The public and private keys are mathematically related. Only a related key pair can encrypt and decrypt data. The encrypted information will be unreadable if the corresponding private key for decryption is missing.
In PKI, the sender and receiver don’t share the same key. PKI is used only for short messages.
¶Private Key
The private key is kept secret and is only accessible by the owner.
In a symmetric cryptosystem, the same key (secret key) is used for encryption and decryption. In this cryptography scheme, the sender and receiver share the same key.
Furthermore, a private key decrypts the cipher text in the asymmetric cryptosystem. A digital signature created using the private key can be confirmed using the associated public key. A private key is faster than a public key and applicable to high-volume text content.
¶Pre-master Secret
The client generates a 48-bit pre-master secret and sends it to the server mainly to compute master secrets.
The client encrypts the pre-master secret using the server public key obtained from the server’s certificate. The server decrypts the message using the private key. The client and the server use the pre-master secret to produce the symmetric keys for the secured portion of the session.
The algorithm and parameters used during the data exchange affect the length of the message. We want a fixed-length value to derive the keys for any cipher suite. The pre-master secrets serve this purpose.
¶Master Secret
The client and server use the master secret to generate the session key.
The server decrypts the pre-master secret key using its private key after receiving it.
The client and the server use a Pseudo-Random Function (PRF) to calculate the master secret key. PRF is a deterministic algorithm with two inputs and a single output. PRF obtains its result by iterating a hash-based message authentication code (HMAC) based on the SHA256 hash function.

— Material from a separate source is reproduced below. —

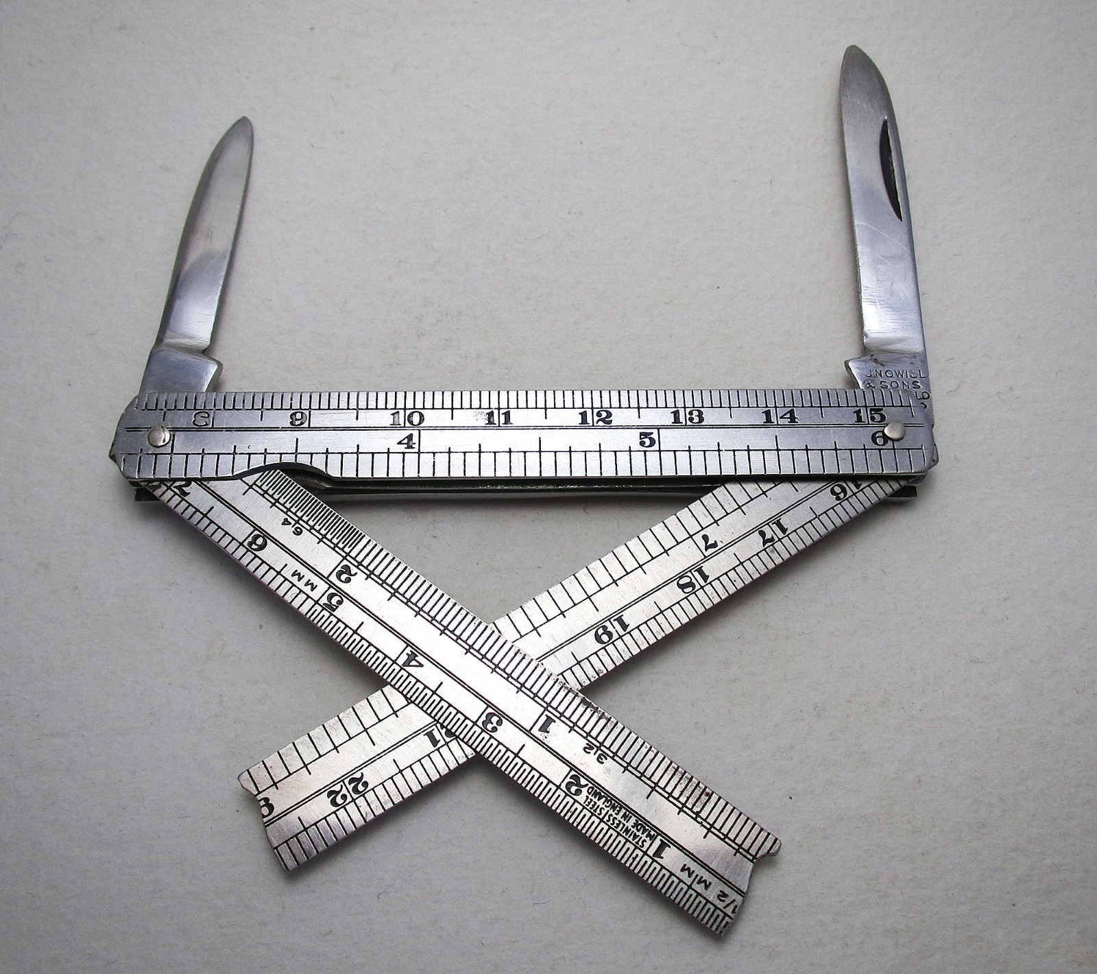 Vintage J.Nowill & Sons Stainless Steel Combination Pocket Penknife & Ruler Measure Tape, Folding Fruit Pen Knife, Sheffield

Let’s discuss how the pre-master secret creates the master secret key. The RFC guideline to calculate the fixed-length value master secret using the pre-master secret is:
1 | master_secret=PRF(pre-master_secret, "Master Secret",ClientHello.rando+ServerHello.random) |
The master secret is a function of the client and server randoms that were previously exchanged between the client and the server during the handshake stage.
Further, the first three inputs to PRF are string representations of byte sequences. So, the addition operator in the above code concatenates the random. A master secret key is 48 bytes long and computed using random values.
¶When to Use Different Keys?
The following table shows at what stage of communication between client and server the shared secret, pre-master secret, public key, private key, and master secret are used:
Stage | Keys Involved |
---|---|
Client-server hello | Shared secret (Session ID) |
Certificate exchange | Server’s public key |
Client key exchange | The client creates a pre-master secret and uses a public key to encrypt it, while the server uses its private key to decrypt it |
Server key exchange | Optional - required only if the server’s certificate is insufficient for authentication |
Post handshake | Both client and server use master secret for symmetric encryption/decryption |
¶Conclusion
In this article, we talked about SSL handshakes, shared secrets, pre-master secrets, master secrets, and public/private keys.
A key-agreement technique, such as PKI, is used to construct the shared secret at the beginning of the SSL/TLS communication session. The server uses its public key for encryption and its private key for decryption.
Once the client and the server receive a hello done message, the client sends a pre-master secret to the server to compute a master secret using PRF.
Lastly, after the handshake, for the rest of the session, the client and the server use the master secret to generate the session keys for symmetric data encryption/decryption.